For any random variable \(X\) with CDF \(F\),
- if \(x\) is smaller than everything in the \(\operatorname{Range}(X)\), then \(F(x) = 0\), because \(X\) cannot be that small;
- if \(x\) is greater than everything in the \(\operatorname{Range}(X)\), then \(F(x) = 1\), because \(X\) cannot be any bigger than that;
- \(F(x)\) is non-decreasing in \(x\), because the events \(\{X \leq x\}\) get bigger as \(x\) gets increases.
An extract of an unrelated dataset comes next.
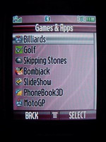Игры и приложения. В телефоне предустановленно пять игр – бильярд (очень реалистичный), гольф (интересен своей сложностью), Skipping stones (интересная логическая игра), Bombjack (что-то наподобие двухмерной бродилки, только поактивнее) и MotoGP (гонки на мотоциклах, полная версия, а не урезанная, как на телефонах Motorola начального уровня). Во все игры из-за размеров и качества экрана играть очень приятно и интересно. Огорчило только одно – при выходе из игры выходишь не в меню игр, а в режим ожидания.

So \(F(x)\) starts at \(0\) and goes upwards until it gets to \(1\). For a discrete random variable, there are sudden upward jumps at values of \(x\) in the range of \(X\), with constant values in between.
Summary
- A random variable is a numerical summary of a random experiment.
- The probability mass function (PMF) is \(p_X(x) = \mathbb P(X = x)\).
- The cumulative distribution function (CDF) is \(F_X(x) = \mathbb P(X \leq x)\).
- A Bernoulli random variable is 0 with probability \(1-p\) and 1 with probability \(p\).
Recommended reading:
- Stirzaker, Elementary Probability, Sections 4.1 and 4.2.
- Grimmett and Welsh, Probability, Section 2.1.